Kline told Caers he had never heard a Johnson & Johnson witness use the term “exploratory analysis” before, and pointed out that in 12 hours of depositions Caers had never used it.

That seemed to suggest a question that Kline and the other lawyers on his team had debated on and off for weeks over whether he should ask: Had Caers failed to submit that analysis to the FDA?

“You’re not supposed to ask a question if you don’t think you know the answer,” Kline says. “And we didn’t know.”

Under federal law, it is a crime for a drug company not to submit “a description and analysis of each controlled clinical study pertinent to a proposed use of the drug.” Similarly, it is a crime to fail to submit “a description and analysis of any other data or information relevant to an evaluation of the safety and effectiveness of the drug product obtained or otherwise received by the applicant from any source, foreign or domestic, including information derived from clinical investigations.”

“I had a feeling about it,” recalls Kline. “And as I heard him talk about it, I just decided to go ahead.”

• Re-Direct, Re-Cross of Ivo Caers
  Feb. 11, 2015 (p. 112, 114-116)

Actually, Kline is giving himself too much credit. It was Sullivan who cleared the way for Kline to ask the question, at no risk—because she asked it first, indirectly, during her late-afternoon re-direct examination of Caers after Kline’s initial cross-examination was over.

Sullivan: Dr. Caers, can you tell our jury why Table 21 wasn’t given to the FDA?

Caers: Well, because obviously, this is not an analysis that was intended for the FDA because this is an explorative analysis.

Caers then said that the FDA could have found the relevant data that comprised the table among the thousands of pages of data the company had given the agency to review. Of course, the reviewers would have had to have found it, organized it and decided to make their own table from it, which is why the law requires that tables analyzing data that are prepared by the drug company must be submitted.

“[T]he FDA had all those data available in the submission and even in the database and could do similar analysis,” he said.

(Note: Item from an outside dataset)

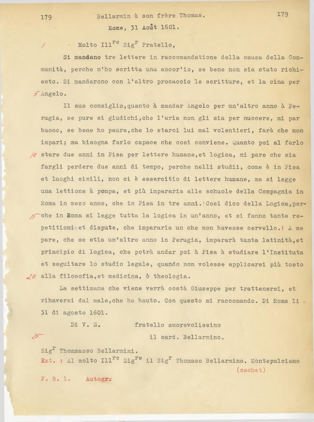 Ext.: Al molto Ill.re Sig.re il Sig.r Thomaso Bellarmino. Montepulciano

It was only after Sullivan had that exchange that Kline shot up from his chair for a brief re-cross examination:

According to an experienced lawyer who was in the courtroom but was not allied with either side, “That moment seemed like a big surprise to the jury—that after all he had said about all the studies Janssen had turned over to the FDA, that he had never turned that one over. … There was a pregnant pause after that.”

The jury forewoman agrees. “I thought that was really important, when he said he had thrown out that study. … What this was really about, was that you can’t keep testing over and over again and then use the results you like and throw out the rest.”

When witnesses finish testifying, the lawyers’ closing arguments in a complicated case like this are especially important. Can they skillfully spin everything that the jurors have heard into a coherent story? Can they deploy the right metaphors or images to get the jurors to remember the points that help them the most? Can their tone get the jurors to trust them?